How the NRC came up with a global sea level rise by the year 2100 of some 50 to 140 cm (20 to 55 inches) — is an example of using only a careful selection of available data and turning a deaf ear to warnings (made by the scientists themselves) of its unreliability for long-term projections.
How did the NRC come up with such an enormous rise in sea level?
They independently projected the sea level rise from its two major components — ocean thermal expansion (from increasing ocean temperatures) and water input from the melting of ice — and then added them together.
But for each component, their high end projections are very likely much too high. And in combination, they represent something that is virtually impossible.
Consider thermal expansion. The NRC simply used the 21st century temperature change projections from the IPCC’s 2007 collection of climate models. Is there a problem here?

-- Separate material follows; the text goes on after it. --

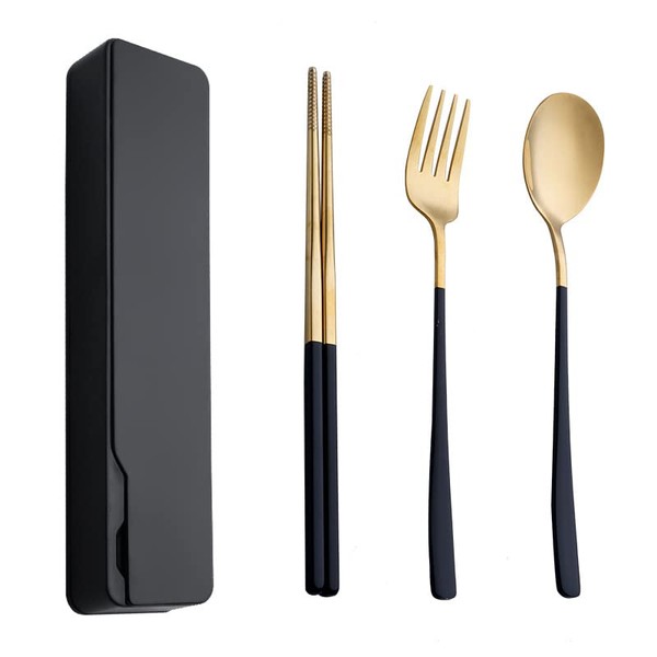 Portable Stainless Steel Flatware Set, Travel Camping Cutlery Set, Portable Utensil Travel Silverware Dinnerware Set with Cover- Spoon, Fork, Chopstick- Golden (Gold)

Since they started in 2001, the IPCC model projections have warmed at a rate over twice what is being observed in reality. So, if the current global temperature behavior under rapidly rising greenhouse gas concentrations is any indication of the future behavior under rapidly rising greenhouse gas concentrations, then the future projections of the sea level rise due to the thermal expansion of ocean water are grossly overestimated. The NRC did not even consider such a possibility, instead preferring to base their projections on the assumption that the future climate behavior will depart radically from the current climate behavior, i.e. throwing out observations in favor of what appear to be failing climate models. This model-based method produces a lot more sea level rise than extrapolating observations would produce.
Which brings us to the NRC projections for the other element of sea level rise — melting of land-based ice, primarily from Greenland and Antarctica. For this projection, the NRC turned their previous methodology on its head, and opted to extrapolate current trends (to the absurd) rather than rely on ice models. In this case, the models yield much less sea level rise than the NRC extrapolation of current trends.